Ten Best Narcotic Offenders in NFL History
Some would suggest the most alluring part of the NFL offseason might be the Draft. Others are intrigued by the business side of the league with discussions focused on the looming potential of a player lockout, the ongoing contract negotiations for players who feel they are wronged on payday, or the wheeling and dealing teams do behind closed doors.
Nothing excites me more than downtime for obscenely-rich and supremely-egotistical athletes touting way too much free time, way too much money, and way too much temptation.
JaMarcus Russell’s love of the drizank laced wit a lil’ syzzrup is the just the latest headline in an outstanding history of professional sports laced with rampant drug use… and to be honest, it’s one of the lamest. Codeine syrup? Not only is it not shocking to learn a dumbass like Russell is choosing codeine as his chaser, it also reminds that the kid is a total pussy.
This is the NFL, son. This is big boy football. Here are the 10 best drug-related crimes we’ve enjoyed through the dedicated efforts of National Football League, and yes, there are plenty that didn’t make the cut.

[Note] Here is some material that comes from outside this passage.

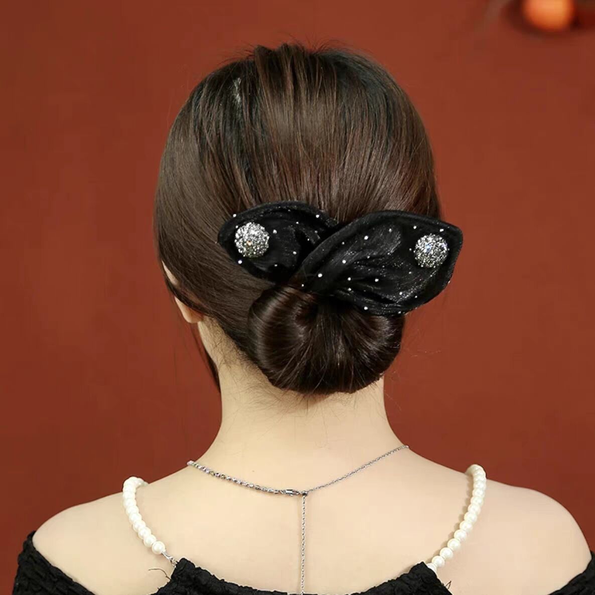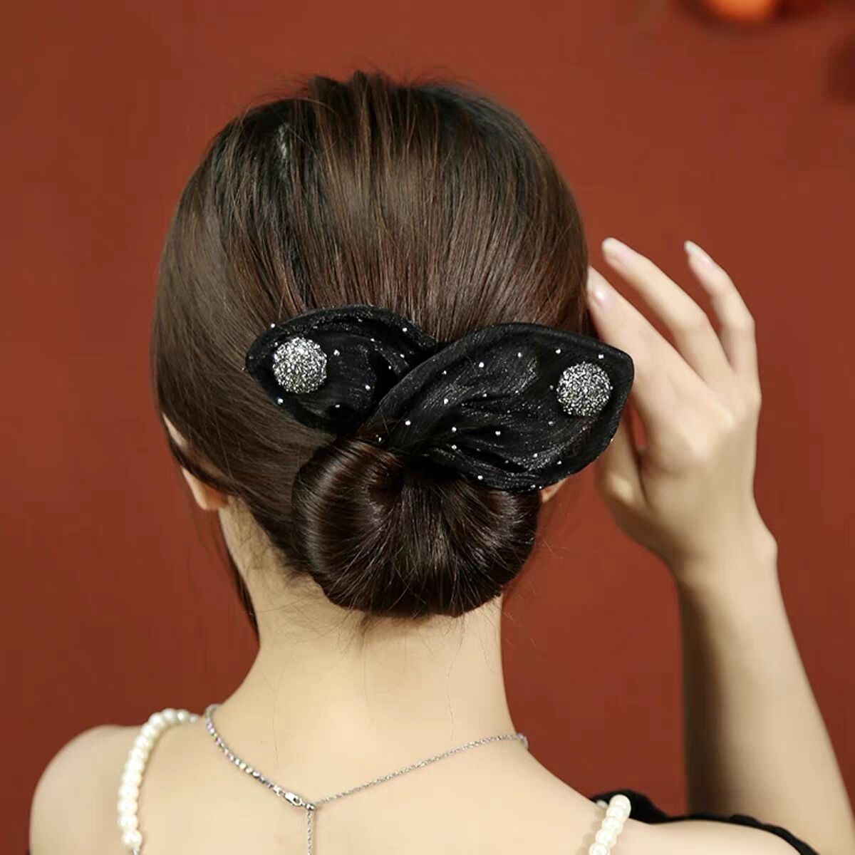韓国版の黒系のシルクのスカーフの髪飾り

Bam Morris was fresh into a promising NFL career with the Pittsburgh Steelers when, in 1996, he was arrested with six pounds of pot in his car. He plead guilty to possession and received probation, but in 1998 he was sentenced to 10 years for parole violation.
His attorney worked hard for a plea bargain and he was out in 89 days, but Bam wasn’t done. In 2000 he was on the road to recovery with a little help from his friends once again. The FBI arrested Morris in his home and charged him with conspiracy to distrubte 100 kilograms or more of marijuana.

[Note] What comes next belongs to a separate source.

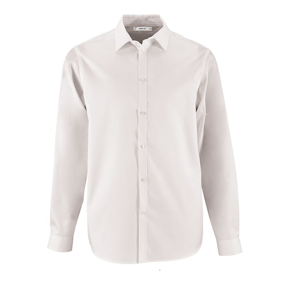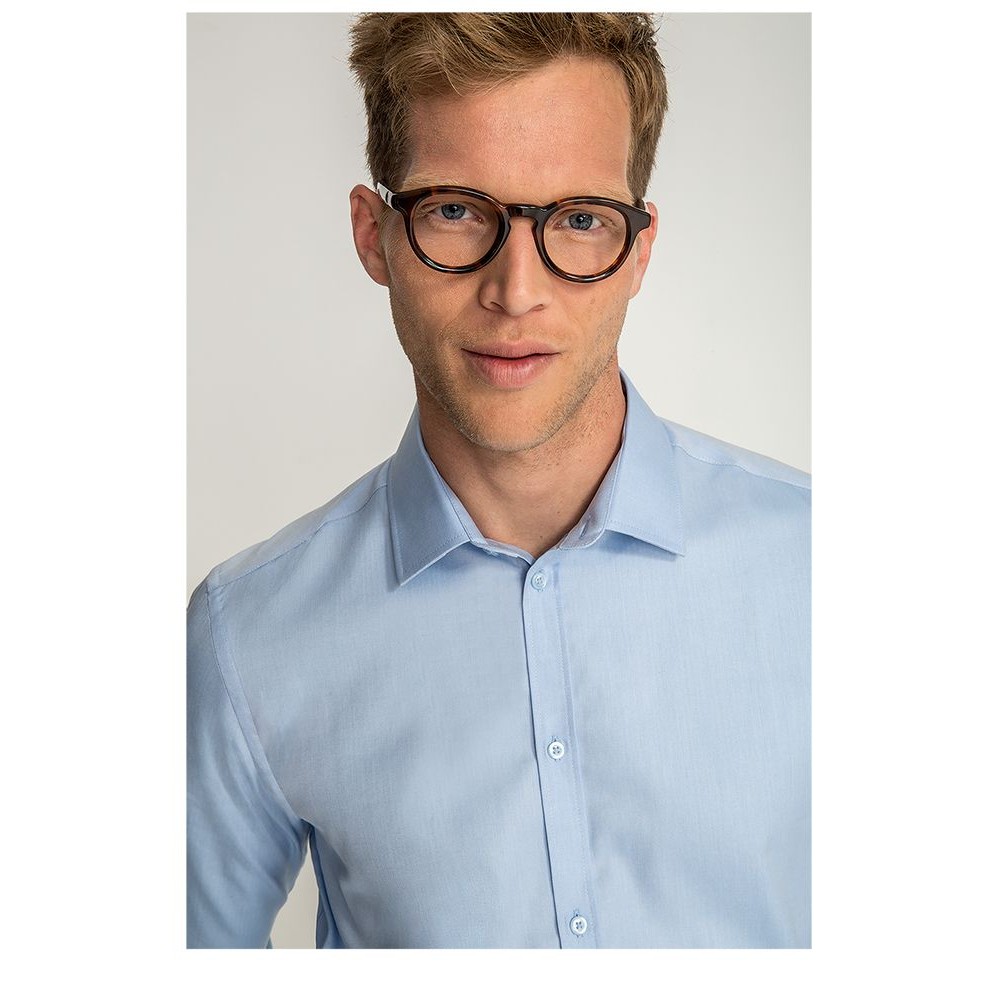 Рубашка прямого кроя с маленьким воротником, планка с 7 пуговицами. Выполнена из фактурной ткани, узор «елочка».

Original reports from 1996 also noted Morris had been involved in some domestic disputes that may or may not have involved physical abuse of a girlfriend… so he was a pretty smart dude on all fronts.
In 2006 reports flowed, folling his release, suggesting Bam was seeking another shot at the NFL. Needless to say, no one called.
The Dallas Cowboys of the 1990′s were as strong, as entertaining, and as troubled as any team the NFL has known. Michael Irvin was their leader.
Now respected as a quality analyst for the NFL Network, Irvin was known for his penchant for blow and being blown when he was the top offensive weapon for quarterback Troy Aikman during championship runs under Jimmy Johnson and Barry Switzer. The details of Irvin’s party pleasures were detailed by a Penthouse Pet in the January 1997 edition of the men’s magazine. My apologies as I can’t find a decent link to it online. To be honest it’s fairly predictable… Irvin likes sex with multiple women, sex is better with cocaine, and when you are trying to please multiple women for multiple nights of the week, you need cocaine… LOTS of cocaine.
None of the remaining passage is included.